#### EXERCISE INPUTS

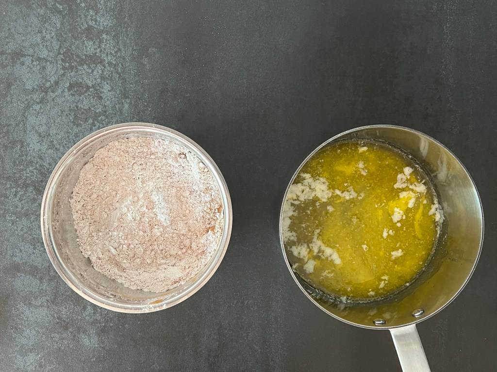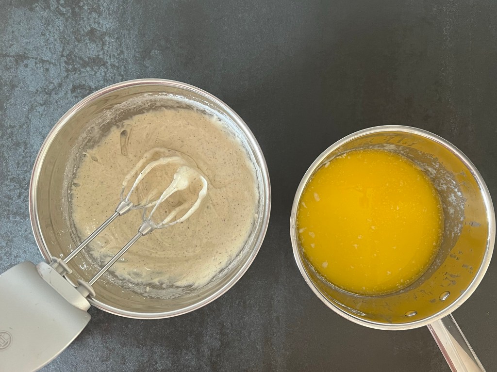 Jag siktar sedan i de torra ingredienserna i smältvattnet och vispar det sedan slätt.
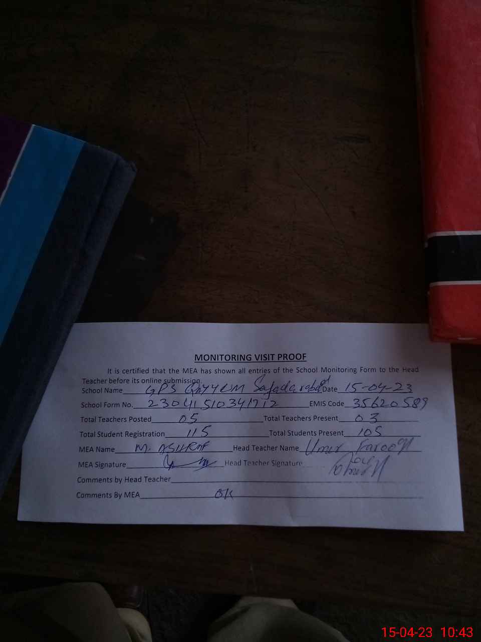 | Attendance Register | Head Teacher | MEA with School | Visit Proof |
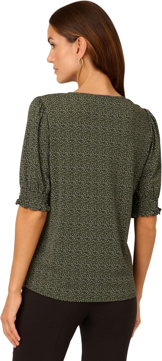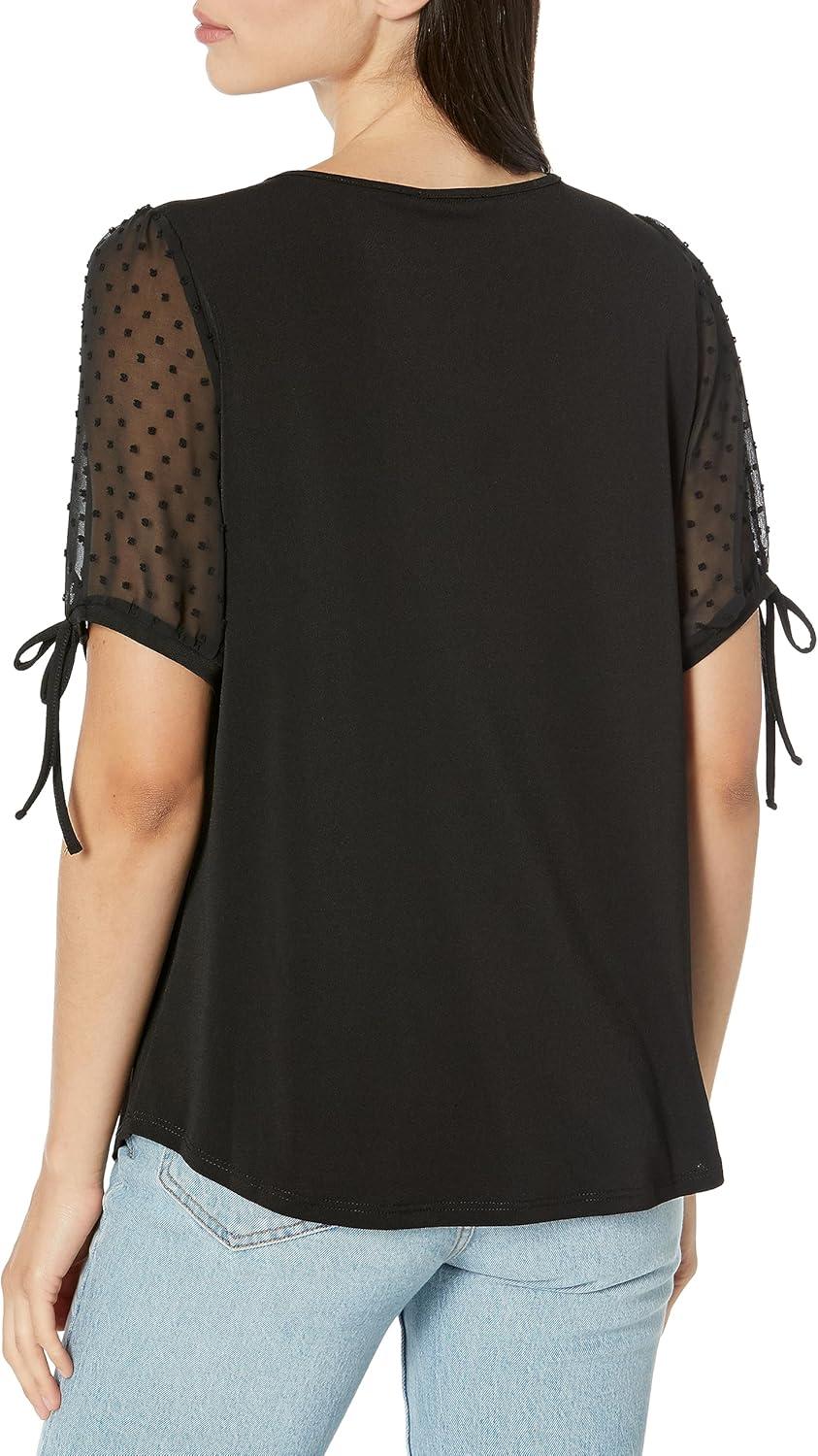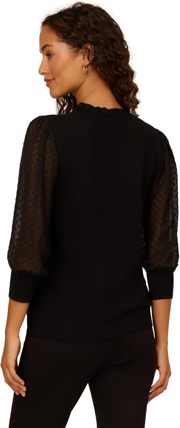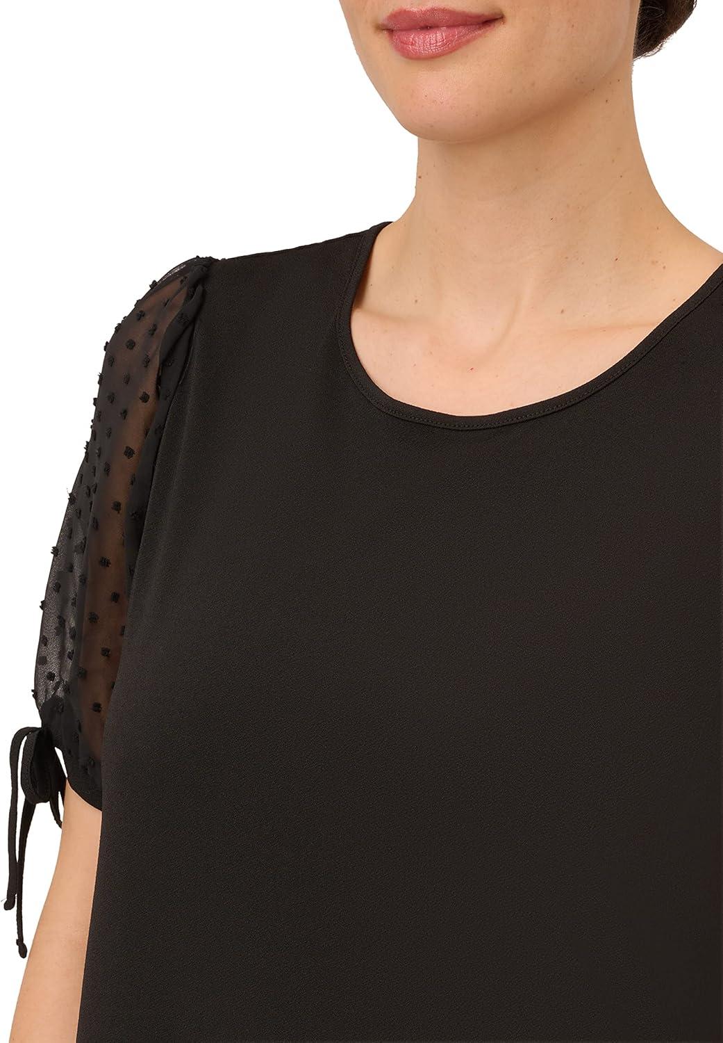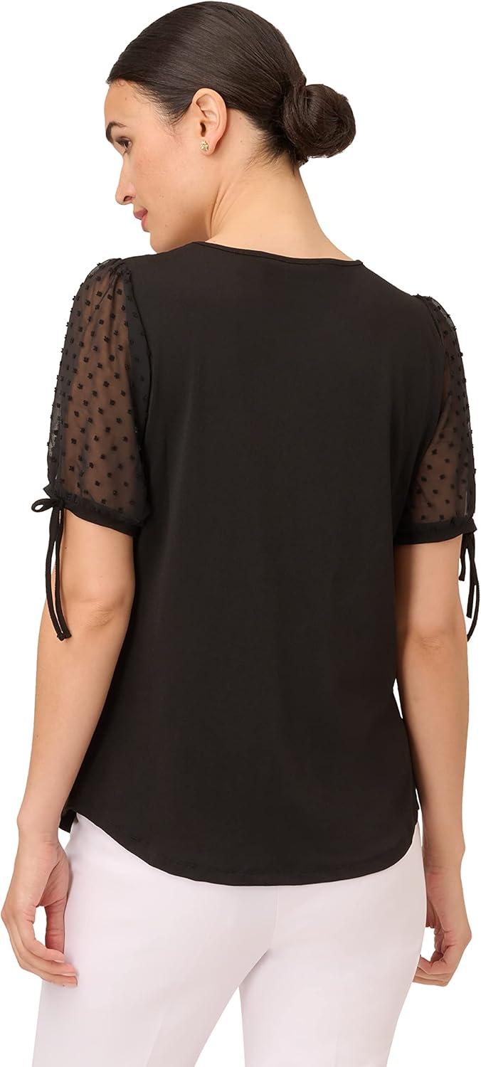 Adrianna Papell Women’s Clip Dot Tie Sleeve Solid Top(Black)
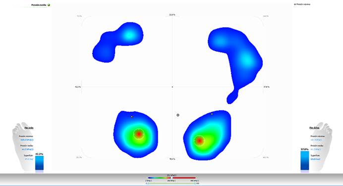 A nivel de estabilometría, el Índice de Romberg fue de 1,22, indicando alteración en la estabilidad estática30. En la distribución de las presiones plantares se observó mayor presión plantar en el pie derecho (57,8%) vs pie izquierdo (42,2%) y mayor presión a nivel de retropié bilateral como se observa en la Figura 3.
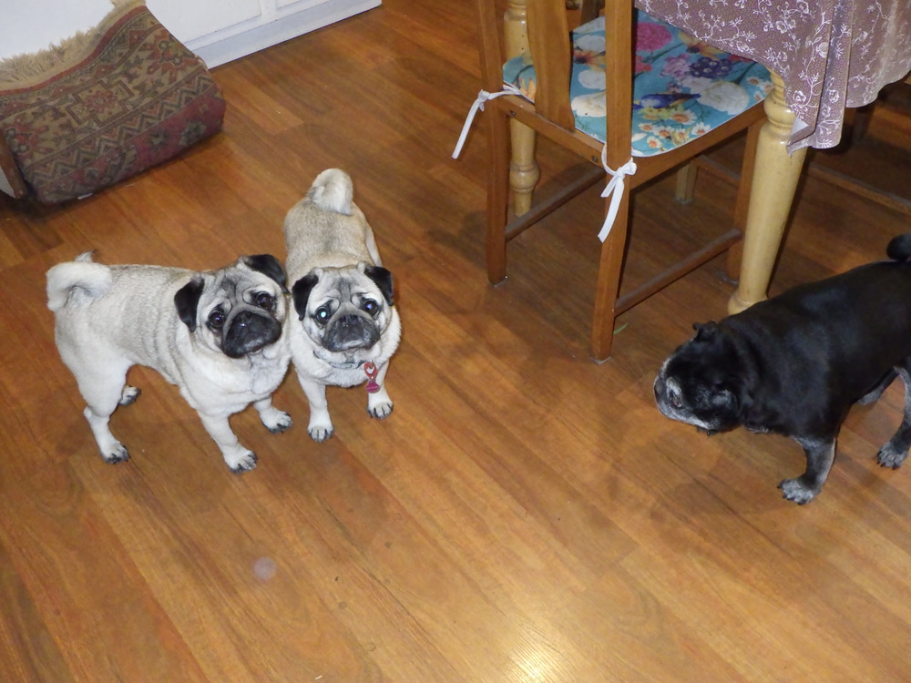 There is a general milling about of Pugs happening here. They are trying to convince me that the clock is wrong and really it is 5 o’clock and they should be fed.
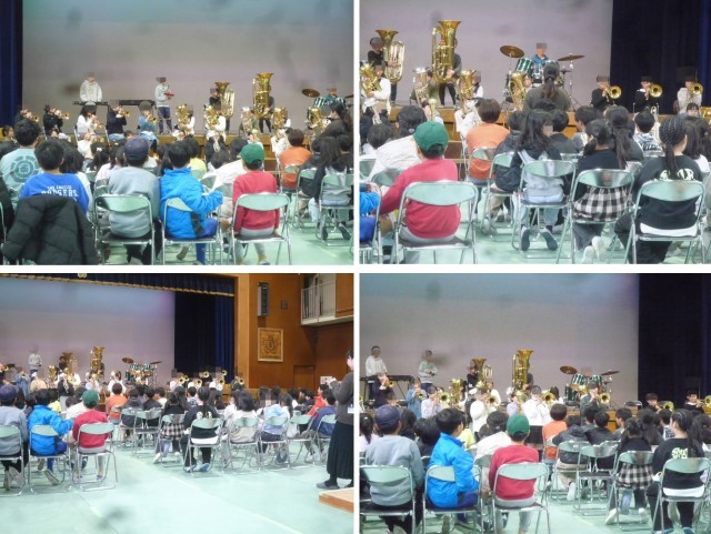 お昼休みに金管クラブが体育館でコンサートを開きました。3月25日池田市内のクラブ音楽発表会「子どものフェスティバル」での演奏曲でした。休み時間にもかかわらず、体育館いっぱいに北小っ子が集まりました。演奏中に動きも入り、あっという間に時間となりました。

########

## ASSIGNMENT:
Your task is to write out, exactly and without pictures, only the lines from the one holding "There is a general" to the last line of the data.

## RESPONSE TO THIS EXERCISE:
 There is a general milling about of Pugs happening here. They are trying to convince me that the clock is wrong and really it is 5 o’clock and they should be fed.
 お昼休みに金管クラブが体育館でコンサートを開きました。3月25日池田市内のクラブ音楽発表会「子どものフェスティバル」での演奏曲でした。休み時間にもかかわらず、体育館いっぱいに北小っ子が集まりました。演奏中に動きも入り、あっという間に時間となりました。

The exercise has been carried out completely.